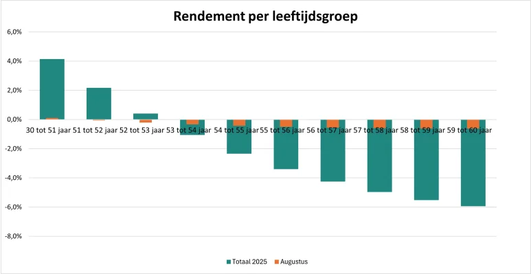Met het rendement tot en met augustus zouden de lopende pensioenuitkeringen vanaf 2026 met 1,123% kunnen stijgen. Deze stijging (of een eventuele daling) smeren we altijd uit over drie jaar. Dat betekent met het huidige rendement dat de verhoging in 2026, en in de twee jaren daarna, circa 0,37% per jaar bedraagt. Maar let op: er volgen nog een aantal maanden. Uiteindelijk tellen de resultaten over heel 2025.
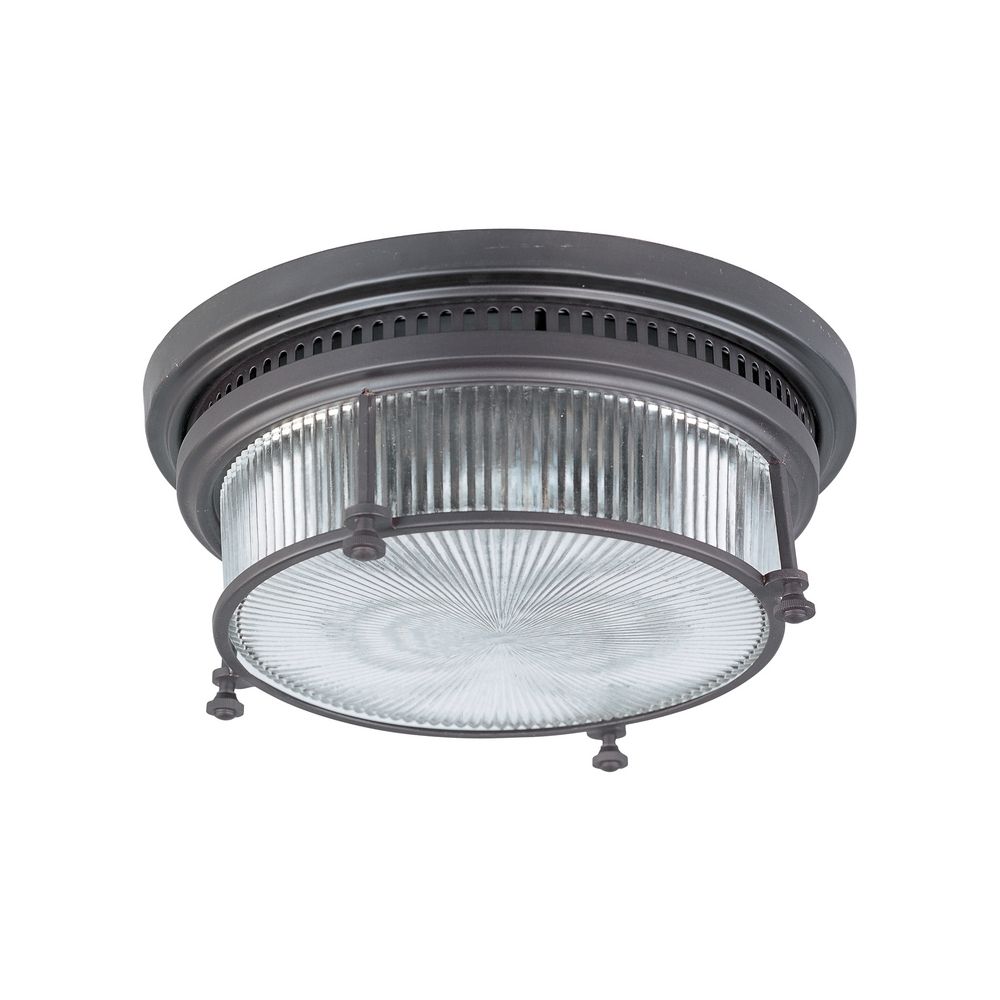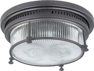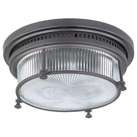 Maxim 25000CLBZ Hi-Bay Industrial Clear Halophane Glass Drum Flush Mount Ceiling Lighting, 2-Light 120 Total Watts, 5" H x 13" W, Bronze
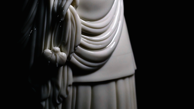 我們驚喜地發(fā)現(xiàn),在這件作品中,璋高把傳統(tǒng)德化瓷雕中對人物衣襟細(xì)節(jié)處理的方法,即“曹衣出水”般絲質(zhì)的感觀與何派“褒衣博帶”圓潤含蓄的中原文化風(fēng)格的結(jié)合,在這件作品的下半部分的裙裾處表現(xiàn)得酣暢淋漓。
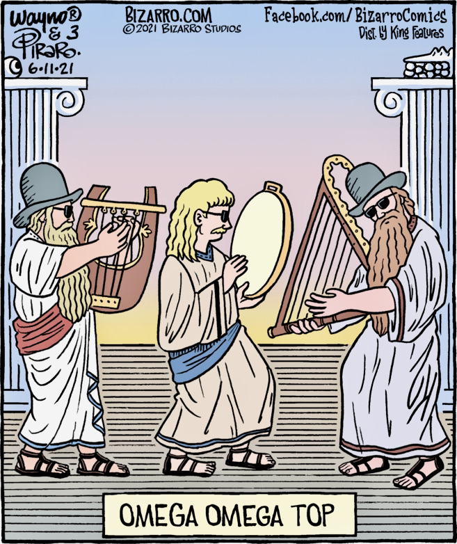 The title of the cartoon. I’m still puzzling over the non-parallelism between the names of the musical groups in English and Greek: not ZZ Top and Ω Ω Top (letter-symbols in both languages) or Zee Zee Top and Omega Omega Top (letter-names, as spelled in English, in both languages), but the mixed ZZ Top and Omega Omega Top. Maybe Wayno wanted to avoid the /zi/ (spelled Zee) vs. /zɛd/ spelled Zed) issue, but as I noted above, that’s irrelevant, since ZZ Top always has /zi/. But I’ll send him a copy of this posting, so he can have his say, if he wants. (It’s a small, pedantic, point; nothing that makes the cartoon so complexly funny hinges on it.)
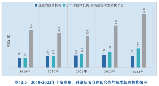 2023年上海高校、科研院所自建的技术转移机构数量为146家,合作的市场化转移机构数量为247家高校、科研院所与企业共建的研发机构、技术转移机构、服务平台数量共688家。
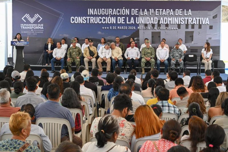 MOTOZINTLA, Chiapas, 06 de marzo de 2026.- El gobernador Eduardo Ramírez Aguilar inauguró la primera etapa de la construcción de la Unidad Administrativa en el municipio de Motozintla, una infraestructura moderna que albergará de manera digna y funcional a la Fiscalía de Distrito Sierra Mariscal y a la Secretaría de Seguridad del Pueblo. Este espacio permitirá fortalecer la gobernabilidad y el Estado de derecho, además de agilizar la atención de las necesidades de la región Sierra Mariscal.
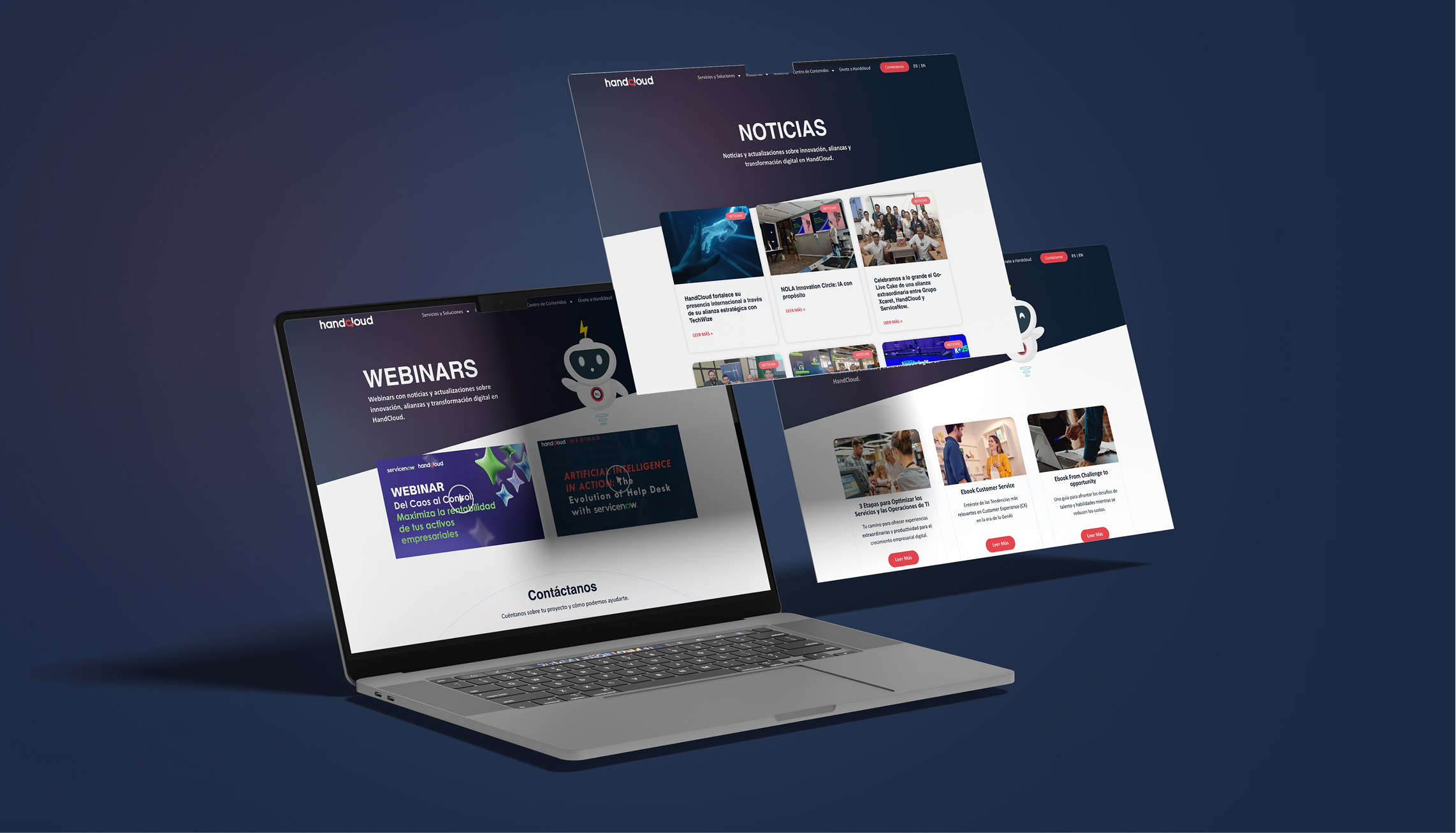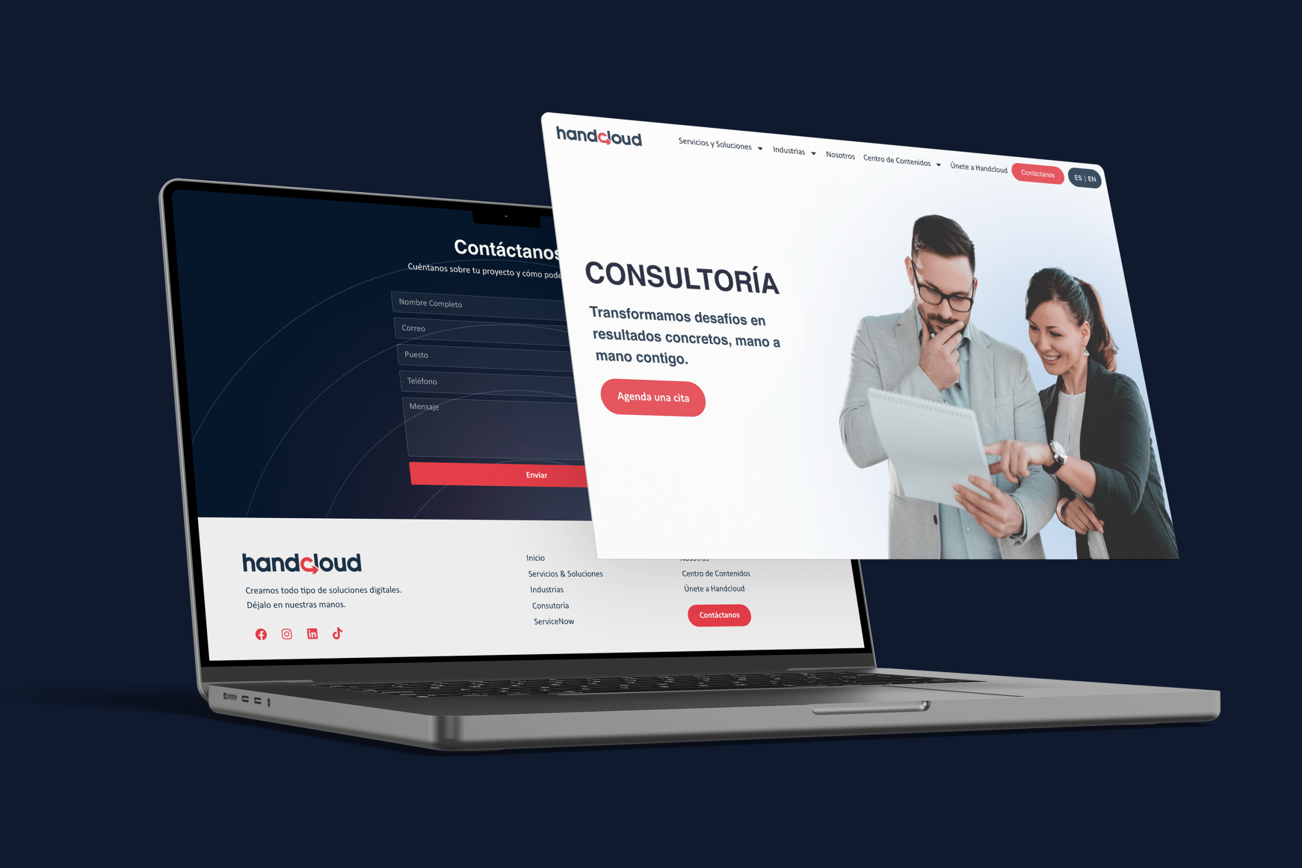 HandCloud es una consultora tecnológica con una trayectoria sólida y un fuerte posicionamiento en transformación digital y soluciones empresariales. Se desarrolló un sitio web integral de gran alcance, comenzando por un rediseño estratégico que moderniza por completo el estilo anterior, mejora la arquitectura de la información y optimiza la experiencia de navegación, logrando una comunicación clara y ordenada en cada sección.
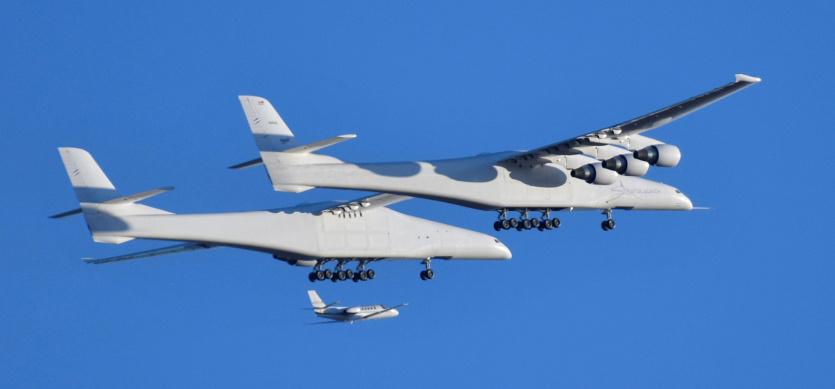 على ارتفاع 15 ألف قدم، أي ما يعادل 4.572 مترًا، ومن قاعدة "موهافي" الجوية بولاية كاليفورنيا الأمريكية، انطلقت أضخم طائرة في العالم، في أول رحلة تجريبية لها، وفقًا لـ "بي بي سي".
----
▶ **Work order**:
Write out the data word for word, with every picture dropped.

▶ **Response**:
Met het rendement tot en met augustus zouden de lopende pensioenuitkeringen vanaf 2026 met 1,123% kunnen stijgen. Deze stijging (of een eventuele daling) smeren we altijd uit over drie jaar. Dat betekent met het huidige rendement dat de verhoging in 2026, en in de twee jaren daarna, circa 0,37% per jaar bedraagt. Maar let op: er volgen nog een aantal maanden. Uiteindelijk tellen de resultaten over heel 2025.
 Maxim 25000CLBZ Hi-Bay Industrial Clear Halophane Glass Drum Flush Mount Ceiling Lighting, 2-Light 120 Total Watts, 5" H x 13" W, Bronze
 我們驚喜地發(fā)現(xiàn),在這件作品中,璋高把傳統(tǒng)德化瓷雕中對人物衣襟細(xì)節(jié)處理的方法,即“曹衣出水”般絲質(zhì)的感觀與何派“褒衣博帶”圓潤含蓄的中原文化風(fēng)格的結(jié)合,在這件作品的下半部分的裙裾處表現(xiàn)得酣暢淋漓。
 The title of the cartoon. I’m still puzzling over the non-parallelism between the names of the musical groups in English and Greek: not ZZ Top and Ω Ω Top (letter-symbols in both languages) or Zee Zee Top and Omega Omega Top (letter-names, as spelled in English, in both languages), but the mixed ZZ Top and Omega Omega Top. Maybe Wayno wanted to avoid the /zi/ (spelled Zee) vs. /zɛd/ spelled Zed) issue, but as I noted above, that’s irrelevant, since ZZ Top always has /zi/. But I’ll send him a copy of this posting, so he can have his say, if he wants. (It’s a small, pedantic, point; nothing that makes the cartoon so complexly funny hinges on it.)
 2023年上海高校、科研院所自建的技术转移机构数量为146家,合作的市场化转移机构数量为247家高校、科研院所与企业共建的研发机构、技术转移机构、服务平台数量共688家。
 MOTOZINTLA, Chiapas, 06 de marzo de 2026.- El gobernador Eduardo Ramírez Aguilar inauguró la primera etapa de la construcción de la Unidad Administrativa en el municipio de Motozintla, una infraestructura moderna que albergará de manera digna y funcional a la Fiscalía de Distrito Sierra Mariscal y a la Secretaría de Seguridad del Pueblo. Este espacio permitirá fortalecer la gobernabilidad y el Estado de derecho, además de agilizar la atención de las necesidades de la región Sierra Mariscal.
 HandCloud es una consultora tecnológica con una trayectoria sólida y un fuerte posicionamiento en transformación digital y soluciones empresariales. Se desarrolló un sitio web integral de gran alcance, comenzando por un rediseño estratégico que moderniza por completo el estilo anterior, mejora la arquitectura de la información y optimiza la experiencia de navegación, logrando una comunicación clara y ordenada en cada sección.
 على ارتفاع 15 ألف قدم، أي ما يعادل 4.572 مترًا، ومن قاعدة "موهافي" الجوية بولاية كاليفورنيا الأمريكية، انطلقت أضخم طائرة في العالم، في أول رحلة تجريبية لها، وفقًا لـ "بي بي سي".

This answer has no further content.